顔のほてりやうつ状態を引き起こす活性酸素


 体温調節を行う脳内の「視床下部」という部分が多くの活性酸素にさらされると、ホットフラッシュを引き起こすホルモンが分泌され、顔がほてる、汗をかくなどの不快な症状があらわれます。
 脳は活性酸素にさらされると、傷ついたり、機能が低下する危険性があります。そこで、活性酸素から脳を守るエストロゲンの代わりに、活性酸素を消す「ノルエピネフリン」という物質が放出されるのですが、ノルエピネフリンはホルモン分泌を促す働きがあるため、活性酸素を消すとともに、ホットフラッシュを引き起こすホルモンの分泌を異常に増やしてしまうのです。
 さらにストレスによって脳がより多くの活性酸素にさらされると、うつ状態を引き起こすコルチゾールというホルモンがたくさん分泌されます。そして血液中のコルチゾールが高濃度のままになると、脳の機能が低下し、うつ状態に陥ってしまうのです。

 

活性酸素を消すと更年期障害は軽くなる
 

 更年期障害の女性の脳内は過剰な活性酸素にさらされていて、症状が重い方は活性酸素を消す力が低下して、脳機能の低下や調節力の乱れが生じやすくなっています。この過剰な活性酸素が、うつ状態、もの忘れ、不安感、そしてホットフラッシュなどを引き起こす大きな要因といわれています。
 従って、過剰な活性酸素を消すことが更年期障害を軽くする重要なポイントなのです。


活性酸素を消す2つの方法


●1.亜鉛・セレンを摂取して酵素の数を増やすこと


 SODやGH-Pxなどの酵素は多くの活性酸素を消すことができますが、必須微量ミネラルの亜鉛・セレンなどの摂取が不足すると酵素の数が減少します。現代人は必須ミネラルが摂取不足の傾向がありますので、亜鉛・セレンなどのミネラルをしっかり補給して酵素を増やし、過剰な活性酸素を消して更年期をさわやかに過ごすことが大切です。


●2.抗酸化物質を積極的に摂取すること
 

 最強の抗酸化物質でもある女性ホルモンのエストロゲンのように、活性酸素を消す抗酸化物質を積極的に摂取することが大切です。ビタミンCやビタミンEなどにも活性酸素を消す力がありますが、細胞内には吸収されにくく、効果が出にくいようです。
 近年カキ肉からビタミンCやビタミンEよりも活性酸素を消す能力が高く、しかも細胞内に吸収されやすい抗酸化物質「CG7」が発見され注目されています。吸収されやすい抗酸化物質を摂取し、活性酸素を効果的に消して、すがすがしい毎日を送りましょう。


エストロゲン様作用を有するもの


 イソフラボンが活性酸素を抑制. イソフラボンは活性酸素を抑える抗酸化作用と、女性ホルモンのエストロゲン様の働きがあります。イソフラボンを摂取することにより、体内の増えすぎた活性酸素が抑制され、細胞や血管の老化を食い止めます。
 イソフラボンの抗酸化作用は細胞と血管の老化を防止し、病気から体を守るほかにも、しわやたるみ、 しみなどの肌の老化を遅らせ、若々しい素肌を保つのに有効です。


 大豆イソフラボンの特徴は、女性ホルモン「エストロゲン」(卵胞ホルモン)に似た働きをし、女性の美しさや若々しさを手助けしてくれる事にあります。
 加齢とともにエストロゲンの分泌量が減少すると、やがて更年期、閉経を迎え、それに伴い、「更年期障害」と呼ばれる体と心のトラブルがみられることがあります。
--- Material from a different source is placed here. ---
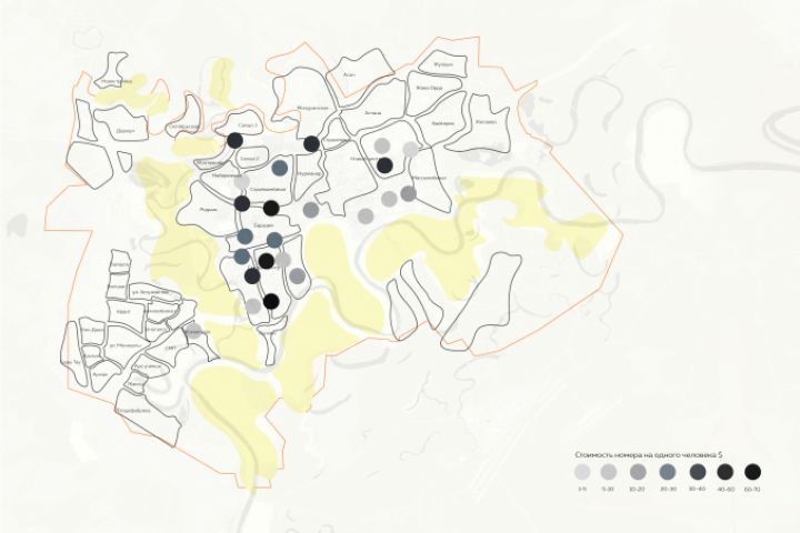 Карта города Уральск. Сведения стоимости номеров гостиниц по разным районам.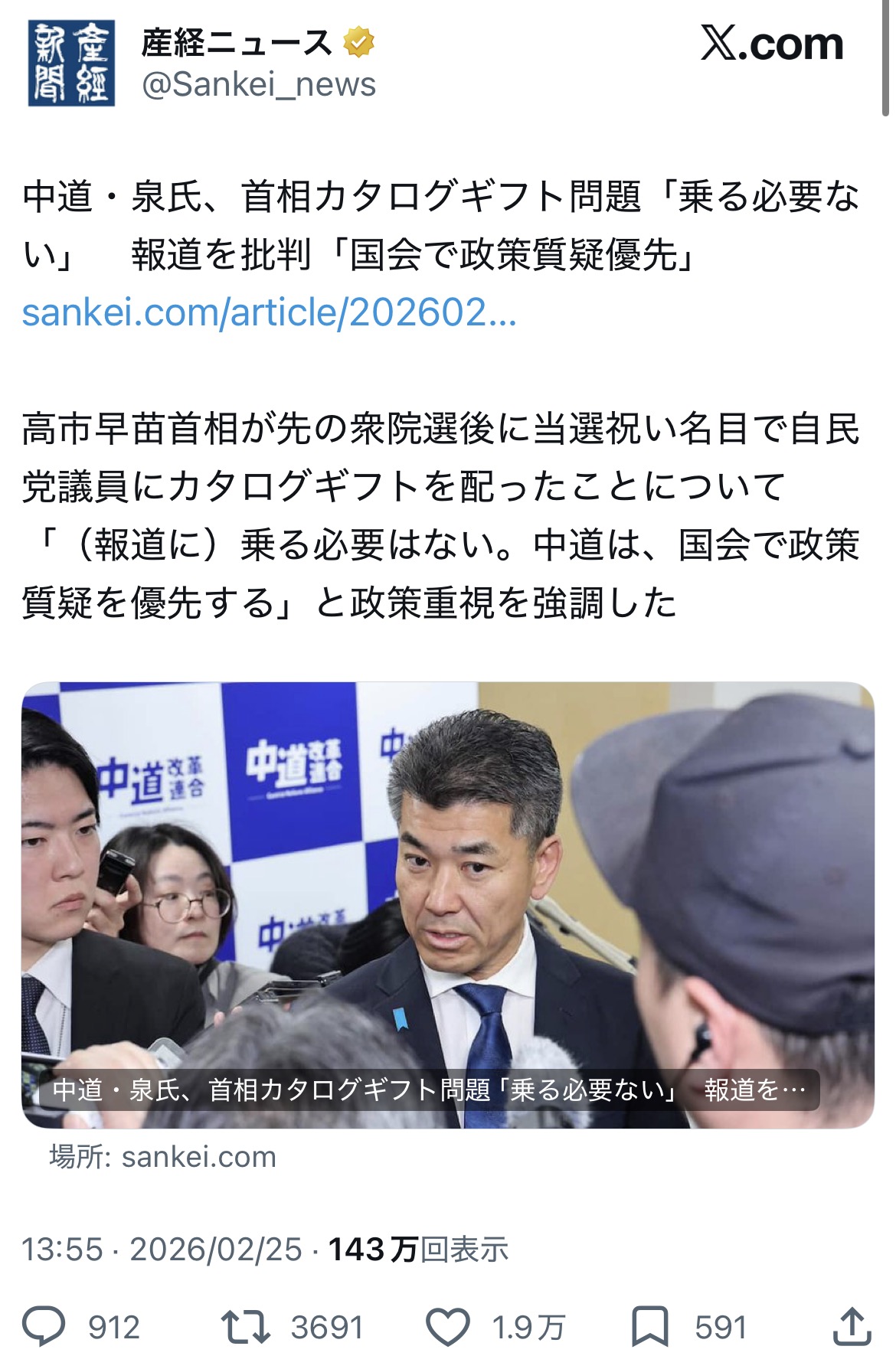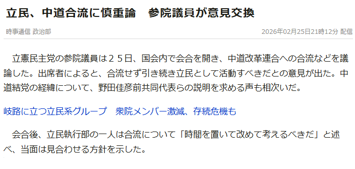 | … | 955無念Nameとしあき26/02/25(水)22:55:37No.1390044513+>泉だけじゃなくて中道合流した立憲系議員全員もう終わりなんだよな |

そこで大豆イソフラボンは、エストロゲンの不足を補い、トラブルを予防してくれるのです。


 ザクロはエストロゲン様作用を有することで注目されていましたが、抗酸化作用においても突出した活性を有することが明らかとなりました。
 ザクロ、プルーン、ブルーベリー等の抗酸化作用は、主に、アントシアニンやタンニンなどのポリフェノール類によるものと考えられます。
 
 
 このように、女性ホルモンの働きを補助するために抗酸化食品を積極的に摂取する必要があります。


女性に多い頭痛 薬物乱用片頭痛


市販の鎮痛薬の弊害


 私達は、日常的に感じる極く軽度の頭痛に対して、多くの方々は安易に「市販の鎮痛薬」を服用しています。

 
  このような日常的に感じる極く軽度の頭痛に対して、市販の鎮痛薬を服用を繰り返せばどのようになるのでしょうか。


 こうした市販の鎮痛薬すべては、人体にとっては害(有害なもの)になるのです。これらを解毒する際に、活性酸素が発生し、このためにミトコンドリアの働きを悪くさせることによって、頭痛を増強させます。すなわち、市販の鎮痛薬が原因となって「後天性ミトコンドリア病」を作ってくることになります。
 また、これら薬剤はいずれも”化学的ストレス”となって、脳内セロトニンを低下させ、”痛みの閾値”を下げるため痛みを感じやすくさせるために、さらに、頭痛を引き起こしてくることになります。


 このようにミトコンドリアと脳内セロトニンの2つのが関与して、市販の鎮痛薬によって、「薬物乱用頭痛」を引き起こし、かえって頭痛を酷くさせる原因になってきますので注意が必要です。
 こういったことから、頭痛治療は、”薬剤乱用頭痛との戦い”といっても過言ではありません。このような”頭痛薬によって頭痛が引き起こされてくる”というジレンマがあることを知っておく必要があります。
 このため、「日常的に感じる極く軽度の頭痛」に対して、日常的にテレビで宣伝される通りに、市販の鎮痛薬を服用し、これまで述べてきましたような慢性頭痛の要因を念頭に置くことなく、お茶を濁しておれば、必然的に、頭痛は着実に増悪の”みちすじ”を辿ることになります。
 ここに、ご家族に片頭痛持ちの方がいらっしゃれば、確実に「片頭痛」へと移行していくことになってしまいます。


 まとめ

 

 以上、生理に関連して起きる片頭痛は、月経時のエストロゲンの低下に伴う脳内セロトニンの低下が主要因になっています。月経時のエストロゲンの低下は、生理現象であり、どうにもなりませんので、対策として、日頃から脳内セロトニンを増やす工夫をする必要があります。
 女性は健常男性より 約52% 脳内セロトニンを産生する能力が低く、またセロトニンの前駆物質であるトリプトファンが欠乏すると、女性では脳内セロトニン合成が男性の4倍減少する、と言われていることを想い出す必要があります。
 脳内セロトニンを増やすには、セロトニン生活に加えて、食事から補うしかありません。
 その詳細は、以前にも記事にしています。
 その上で、マグネシウムの補充、脂肪を摂りすぎない、鉄不足を解消することです。
 そして、女性のすべてが、生理時の片頭痛で苦しんでいる訳ではないことを知っておく必要があります。どこかに原因があるはずです。